Features of the Angiosperm Life Cycle

Like other plants, the angiosperms alternate a sporophytic generation with a gametophytic one, a sporic meiosis (see Figure ). Angiosperm sporophytes are the common plants around us—trees, grasses, and garden vegetables. They produce through meiosis (reduction division) two kinds of spores in specialized structures of their flowers, microspores in the anthers and megaspores in the ovules contained within the ovaries. The gametophytes, which develop from the spores, are much reduced in size. The microgametophyte consists of only three cells and is the germinated pollen grain. The megagametophyte is the mature embryo sac, a seven‐celled structure in the ovule surrounded by, and dependent upon, sporophyte tissue.

Development of the gametophytes

Haploid microspores develop from microsporocytes in the anthers and give rise to pollen grains containing two cells: the tube cell and the generative cell. At about the time of pollination, the latter cell divides and produces two sperm. This three-celled pollen grain is the immature male gametophyte (microgametophyte).

The female gametophyte, the megagametophyte, develops in the ovary at the same time the male gametophyte is developing in the anthers. While the process is exceedingly variable among taxa, about three-quarters of the flowering plants go through the following steps.

One megasporocyte is contained in each of the young ovules within the ovaries in the flower buds. The ovule is attached by a stalk, the funiculus, to the placenta on the ovary wall and, at this stage, is essentially a lump of tissue, the nucellus, covered by two tissue layers, the integuments (which wrap almost completely over the ovule but leave a small opening, the micropyle, at one end).
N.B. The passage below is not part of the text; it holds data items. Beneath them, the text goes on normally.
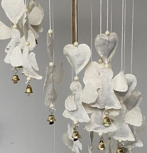 Handmade Mulberry Paper Angel Mobile, 50x20cm. These fair trade Saa paper mobiles are handmade from the bark of the mulberry tree. This mobile has been designed in a brolly style, strings are attached to the brolly with the main decoration added. This elegant white mobile makes a pleasant noise when blown in the wind or moved due to the small bells hanging below the white angels and hearts.
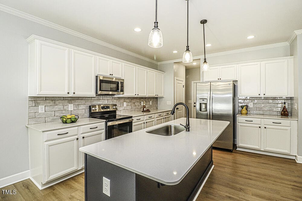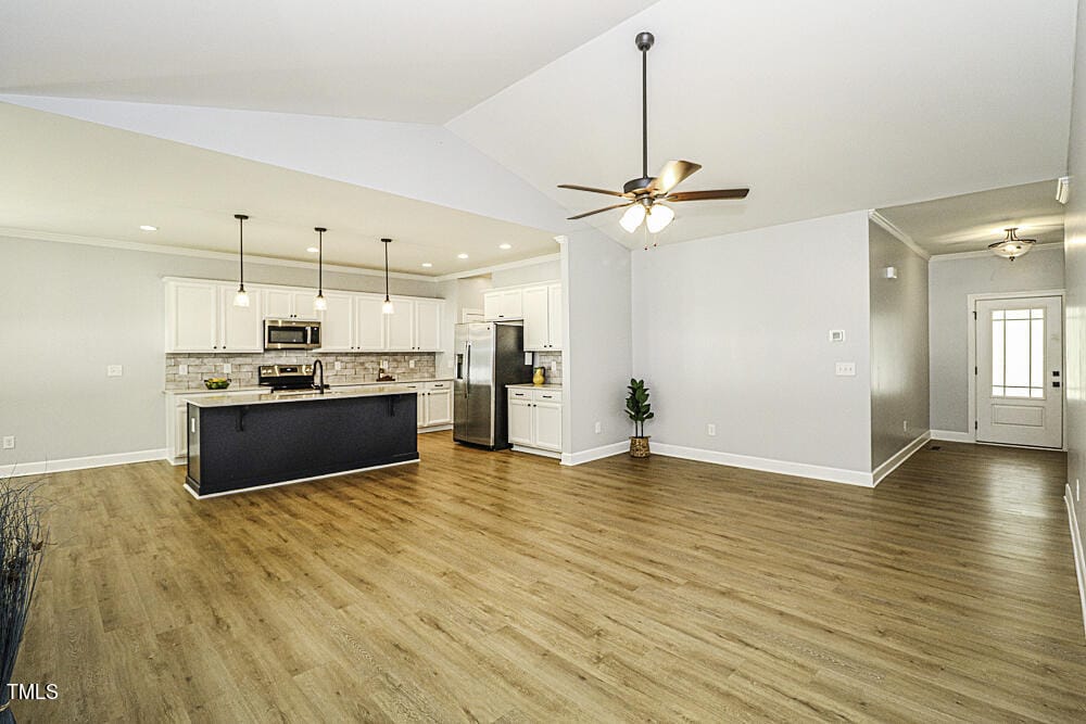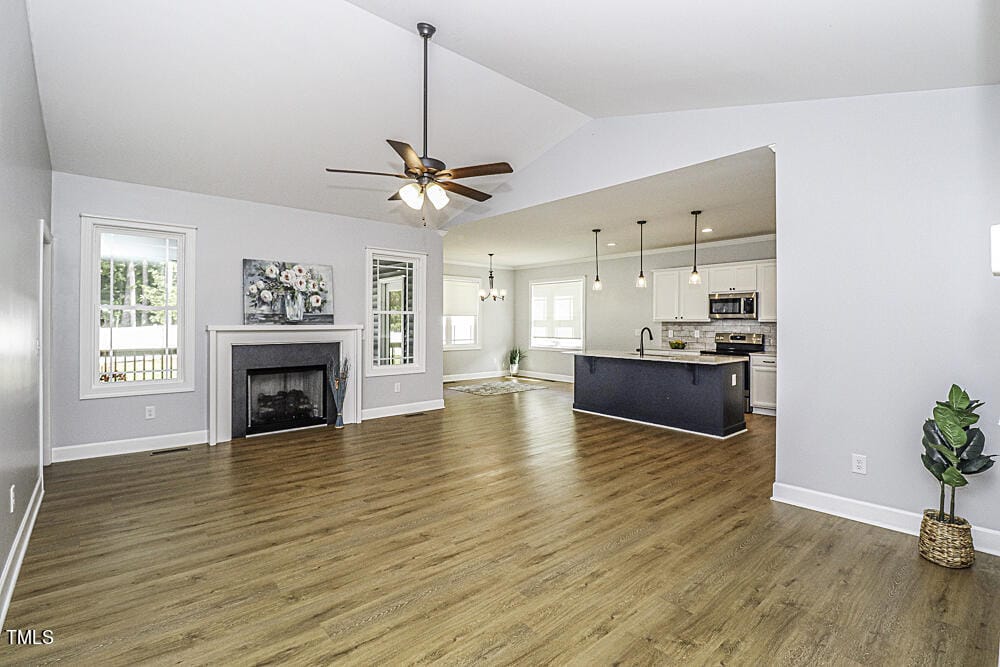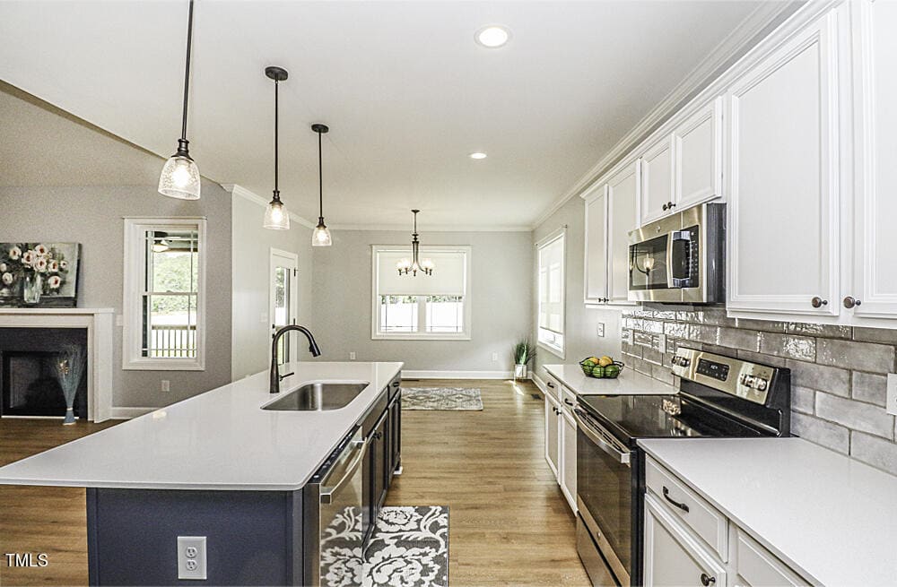 Gourmet Kitchen offers elegant quartz countertops, stainless steel appliances, a spacious work island/breakfast bar with a deep undermount sink, soft-close drawers, and a spacious eat-in dining area. Great Room showcases vaulted ceilings, a cozy gas fireplace, and luxurious vinyl plank hardwood flooring. Desirable open, split floor plan enhances the home’s flow and functionality.
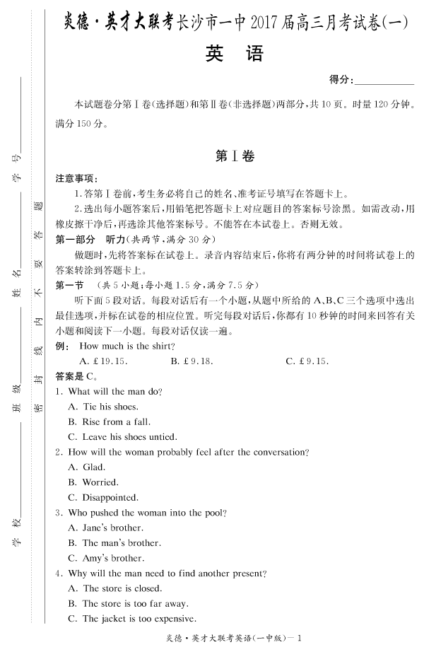 【英語】炎德英才大聯(lián)考2017長沙一中高三1次月考

Three of the haploid megaspores produced by the megasporocyte disintegrate almost immediately and the remaining one divides by three successive mitotic divisions to produce eight nuclei in an embryo sac within the elongated, swollen megaspore. The nuclei cluster, first in groups of four at either end of the sac and then one nucleus from each end, migrates to the center. The two migrating nuclei are called the polar nuclei and they form a polar cell when walls develop around them. Cell walls also form around the three nuclei left at the end of the cell opposite the micropyle, the chalazal end. The chalazal end cells are theantipodals. At the micropylar end, the three nuclei are organized into the egg apparatus and walls form around each of them also. One cell is the egg cell, the two others are synergids (helpers). All three look alike, but only the egg continues to develop; the synergids deteriorate as do the antipodals on the opposite end of the sac. The embryo sac at this stage is the female gametophyte (megagametophyte). Before further development can occur and seeds are produced in the ovary, two events must occur: pollination followed by fertilization.
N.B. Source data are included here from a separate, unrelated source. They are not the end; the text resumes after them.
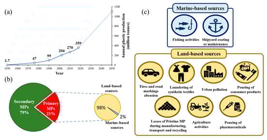 (a) Global plastic production since the 1950s together with an estimate of the global plastic production until 2050. (b) Estimated percentage of primary microplastics (MPs) that ends up into oceans respect the total MPs materials released into marine ecosystems every year. The percentage of land-based and marine-based contributions are also presented. (c) Most important land-based and marine-based sources of primary MPs released into marine ecosystems.
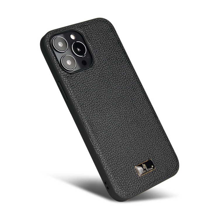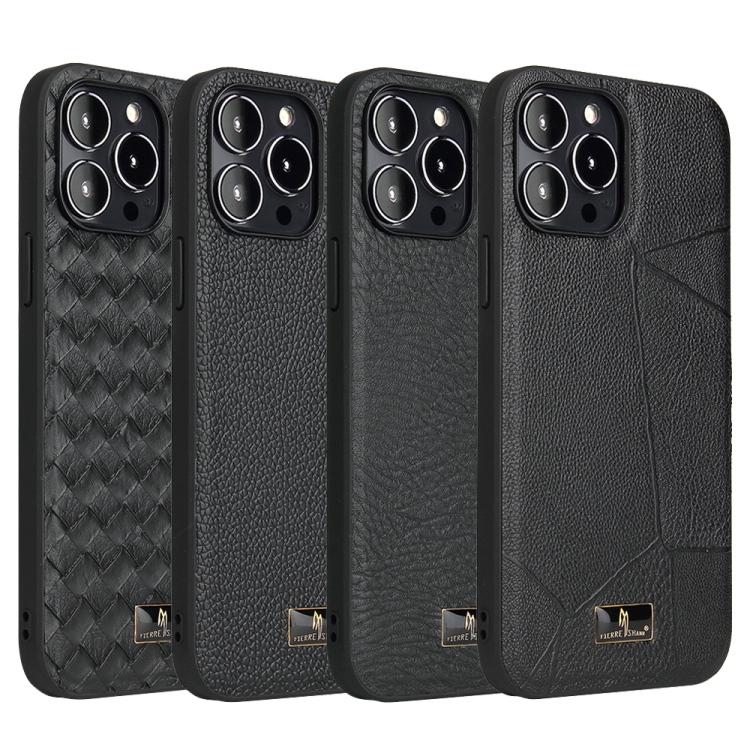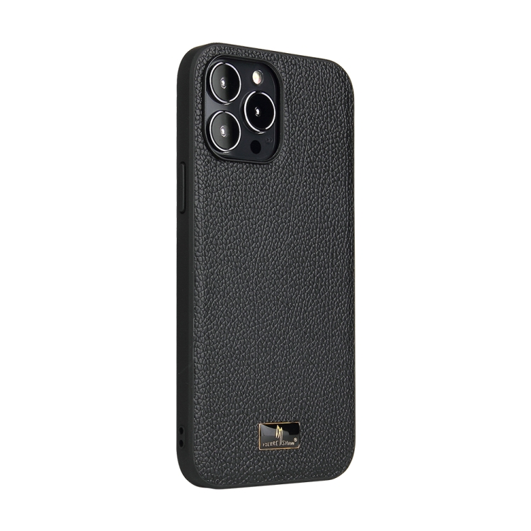 Funda Trasera para teléfono Fierre Shann iPhone 13 Pro Textura de Cuero (Lychee Black)
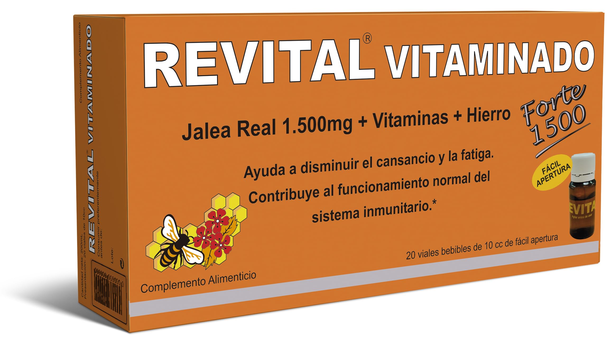 Formula with 1500 mg of royal jelly with vitamins that contribute to the normal function of the immune system (A, B6, B9, B12, C, D, and iron). Composition: Royal jelly (1500 mg), vitamins A, D, E, B1, B2, B3, B5, B6, B8, B9, B12, C, and iron. - Vitamins B2, B3, B5, B6, B9, B12, and iron help reduce tiredness and fatigue. - Vitamins A, B6, B9, B12, C, D, and iron contribute to the normal function of the immune system. - Vitamin B5 contributes to normal energy-yielding metabolism. Directions for use: It is recommended to take 1 bottle per day, preferably before breakfast. Presentation: 20 drinkable vials INGREDIENTS Royal jelly (1500 mg), vitamins A, D, E, B1, B2, B3, B5, B6, B8, B9, B12, C and ironProduct made in Spain. Brand with advertising recognition. With the quality and trust of Pharma OTC. Vitamin B5 contributes to normal energy-yielding metabolism. Vitamins A, B6, B9, B12, C, D, and iron contribute to the normal function of the immune system. Vitamins B2, B3, B5, B6, B9, B12, and iron help reduce tiredness and fatigue.Revital Vitaminé Forte - Formule avec 1500mg de Gelée Royale et Vitamines - 20 FlaconsDESCRIPTION DU PRODUIT DESCRIPTION DU PRODUIT Formule avec 1500 mg de gelée royale avec des vitamines qui contribuent au fonctionnement normal du système immunitaire (A, B6, B9, B12, C, D et le fer). Composition : gelée royale (1500 mg), vitamines A, D, E, B1, B2, B3, B5, B6, B8 B9, B12, C et fer. - Les vitamines B2, B3, B5, B6, B9, B12 et le fer aident à réduire la fatigue et la fatigue. - Les vitamines A, B6, B9, B12, C, D et le fer contribuent au fonctionnement normal du système immunitaire. - La vitamine B5 contribue au métabolisme énergétique normal. Mode d'emploi : il est recommandé d'ingérer 1 flacon par jour, de préférence avant le petit déjeuner. Présentation : 20 flacons à boire INGRÉDIENTS Gelée royale (1 500 mg), vitamines A, D, E, B1, B2, B3, B5, B6, B8 B9, B12, C et ferProduit fabriqué en Espagne. Marque avec reconnaissance publicitaire. Avec la qualité et la confiance de Pharma OTC. La vitamine B5 contribue au métabolisme énergétique normal. Les vitamines A, B6, B9, B12, C, D et le fer contribuent au fonctionnement normal du système immunitaire. Les vitamines B2, B3, B5, B6, B9, B12 et le fer aident à réduire la fatigue et la fatigue.

Pollination is the mechanical transfer of pollen grains from an anther to a stigma, the receptive end of a carpel. Pollination is accomplished by a variety of physical dispersal agents such as wind, water, and gravity or many kinds of animals including insects, bats, birds, and small rodents. The variations in floral structure are, in large part, adaptations to achieve pollination success. Most pollination is between flowers located on separate plants ( cross-pollination), but in some taxa self-pollination occurs when pollen from the anthers falls on stigmas of the same plant.
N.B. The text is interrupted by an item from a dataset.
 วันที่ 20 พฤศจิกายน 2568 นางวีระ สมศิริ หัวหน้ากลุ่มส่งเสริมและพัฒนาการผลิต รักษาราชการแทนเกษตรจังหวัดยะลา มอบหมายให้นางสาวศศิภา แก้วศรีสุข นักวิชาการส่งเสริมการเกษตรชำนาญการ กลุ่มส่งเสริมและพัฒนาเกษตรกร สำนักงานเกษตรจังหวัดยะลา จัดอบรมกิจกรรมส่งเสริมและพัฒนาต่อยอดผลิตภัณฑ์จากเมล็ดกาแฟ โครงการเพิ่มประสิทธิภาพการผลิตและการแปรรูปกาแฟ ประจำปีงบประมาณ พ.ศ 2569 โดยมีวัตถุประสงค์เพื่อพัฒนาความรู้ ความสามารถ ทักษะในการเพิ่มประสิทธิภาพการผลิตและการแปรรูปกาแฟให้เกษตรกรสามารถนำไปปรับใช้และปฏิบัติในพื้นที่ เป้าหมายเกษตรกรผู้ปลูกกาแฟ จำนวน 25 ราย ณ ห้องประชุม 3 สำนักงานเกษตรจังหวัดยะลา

If the pollen grain lands on the stigma of a genetically compatible flower, it absorbs moisture and a pollen tube emerges through a pore in the wall. The germinated pollen grain with its pollen tube and three nuclei is the mature male gametophyte. The tube grows downward toward the ovary through special tissues in the style, penetrates the embryo sac, usually through the micropyle (destroying a synergid in the process), and discharges its contents. The tube nucleus disintegrates while one of the sperm nuclei fuses with the egg nucleus, forming a zygote. The other sperm fuses with the polar cell, forming the endosperm nucleus. In other words, a double fertilization occurs: Both sperms fuse with embryo sac nuclei. Double fertilization is a characteristic of the angiosperms and results in a polyploid endosperm tissue. (Polyploidy refers to the number of sets of chromosomes the cell contains; plants with more than the diploid two sets are polyploids. The endosperm tissue may be triploid [3 n] or more depending upon the species.)

If no pollen tube and its contents reach an ovule in the ovary, the ovule aborts with no further development. Lacking chemical signals (hormones) from a developing seed, the ovary, too, may wither and die. If double fertilization does occur, the ovule develops into a seed and the entire ovary into a fruit.